Wstring str=L"Strange chars: âÂ Čšđ ě €€";

RE: "whatever it's called": From Wikipedia: The first plane, plane 0, the Basic Multilingual Plane (BMP) contains characters for almost all modern languages, and a large number of symbols. A primary objective for the BMP is to support the unification of prior character sets as well as characters for writing. Most of the assigned code points in the BMP are used to encode Chinese, Japanese, and Korean (CJK) characters. — DavidRR
– DavidRR, Commented Apr 22, 2015 at 14:41
I had an interesting variant. I had a UTF-8 character µ show as Âµ in my logs. I suspected GNU g++ assumed iso-8859-1 source and over-encoded the one-character two-byte sequence in the binary. Actually it understood source was UTF-8 based on locale. Log contained the correct two-byte sequence. Fact is, another part of the log contained stray bytes which introduced non-UTF-8 conformant byte sequences in the file. So, editor emacs figured out the file was most certainly actually ISO-8859-1 and showed two-byte characters as two separate characters. Fixing those stray bytes fixed the problem. — Stéphane Gourichon
– Stéphane Gourichon, Commented Oct 3, 2019 at 16:56

Johannes Schaub - litb · Accepted Answer · 2014-04-01 19:31:50Z

Encoding in C++ is quite a bit complicated. Here is my understanding of it.

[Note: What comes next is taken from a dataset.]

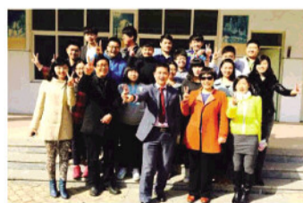
游学及升学指导讲座
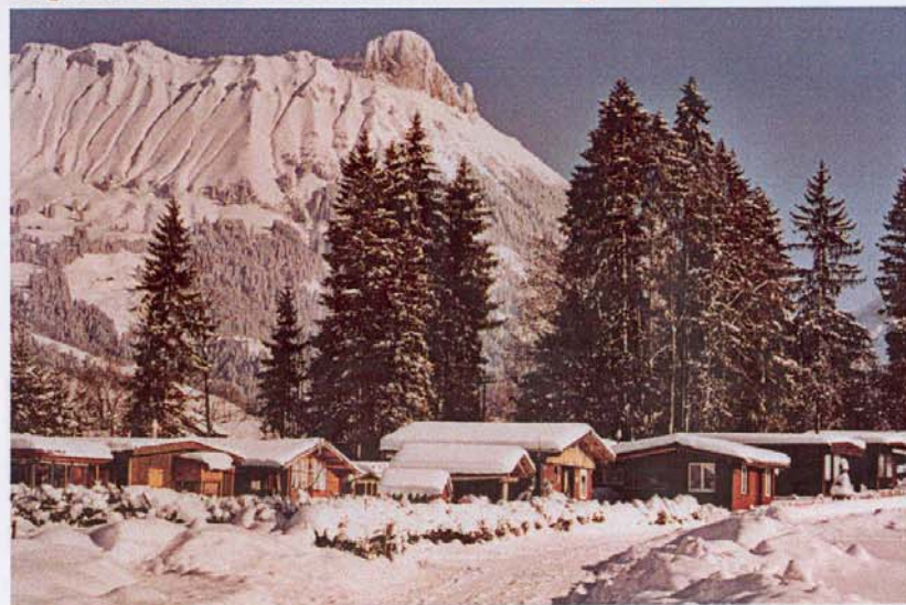
Schrattenfluh mit Schybegütsch

Every implementation has to support characters from the basic source character set. These include common characters listed in §2.2/1 (§2.3/1 in C++11). These characters should all fit into one char. In addition implementations have to support a way to name other characters using a way called universal-character-names and look like \uffff or \Uffffffff and can be used to refer to Unicode characters. A subset of them are usable in identifiers (listed in Annex E).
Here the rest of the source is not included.